By restricting the exemption to original subscribers, the Budget seeks to prevent tax arbitrage and ensure that the benefit rewards genuine long-term participation rather than secondary market trading.
 
A Clarification Rather Than a Retrospective Tax
The government has positioned the change as a clarification aimed at ensuring uniform application of the exemption across all bond series. The income-tax (I-T) department has also pointed out that the exemption does not apply to bonds acquired through transfer, a position earlier clarified by the department of economic affairs in a 2022 office memorandum.
 
Nevertheless, for many retail investors, the announcement represents a departure from the commonly held understanding that any SGB held till maturity would be tax-free, regardless of where it was purchased.
 
Budget 2026 fundamentally alters the tax calculus for sovereign gold bonds. SGBs remain tax-efficient instruments, but only for investors who bought them directly at issuance and hold them till maturity. For those purchasing bonds from the secondary market, the tax-free charm is now gone, and capital gains tax must be factored into return expectations.
 
As gold continues to attract investors seeking safety, the message from the budget is clear: the government wants to reward long-term, primary participation in its gold-linked savings schemes, not trading strategies built around tax-free exits.
Comments
david.rasquinha
1 month ago
This is typical of the government and bureaucracy.
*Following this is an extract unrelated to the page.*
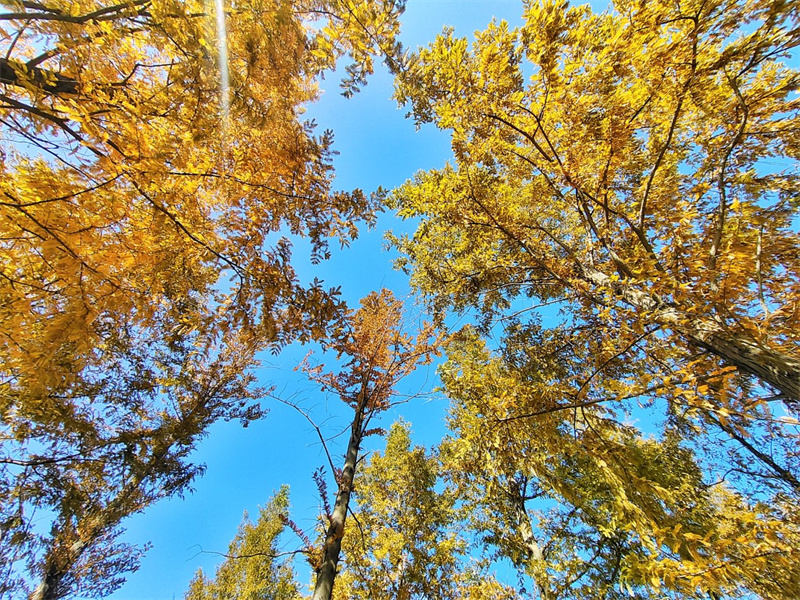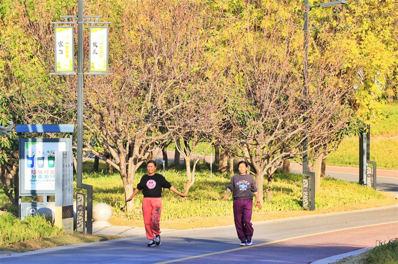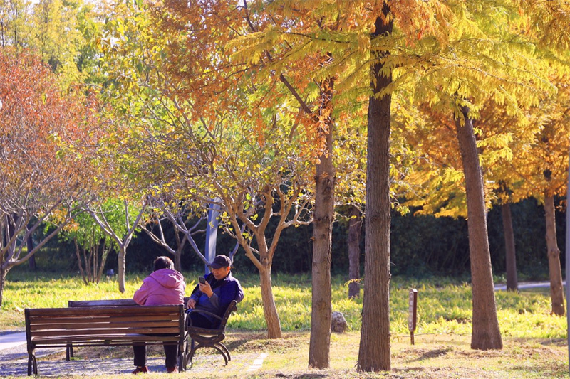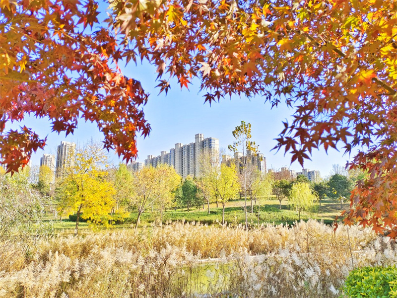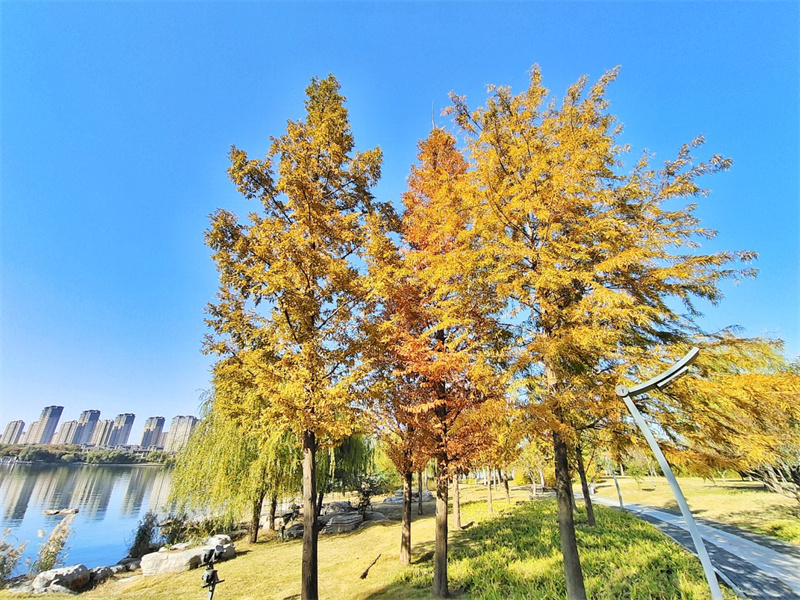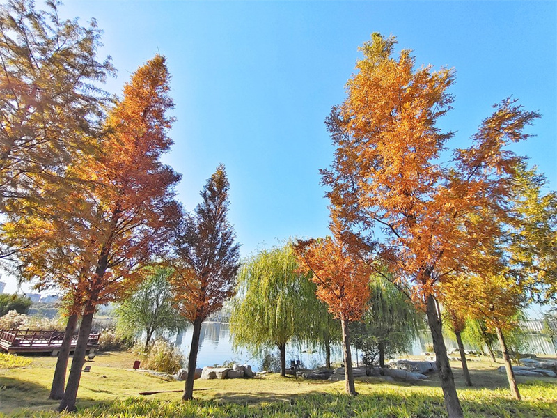 11月17日,暖阳高照,黑岗口调蓄水库附近色彩斑斓、风景如画。开封+记者 李浩 摄

The foolish failure of the MOF to hedge its SGB exposure has led to huge losses. Now to recoup some of those losses, a retrospective change is made in the tax laws. It would have been fair to make the change to apply to SGBs purchased after a future date, say April 01, or even from the day of the announcement. But to apply it across the board is fundamentally wrong, though not a surprise as the tax bureaucracy makes a habit of such atrocious rules.
r_ashok41
1 month ago
looks like if the gold price had not increased then this would not have been done.How will an ordinary pension holder find ways to beat inflation and meet the daily expenses when pricesare high and interest rates in bank fd are falling.
mnavarathan
1 month ago
The initial message was that it is exempt for those holding till maturity.
narayansa
Replied to mnavarathan comment 1 month ago
When the RBI itself allowed original purchasers the option of early redemption( especially usefule for retired seniors to meet fund exigencies or even on death of original holder, it was always understood to be free of capital gain tax. Only early voluntary sale only was understood to be not free of capital gains tax. One more reason among many not to trust govt.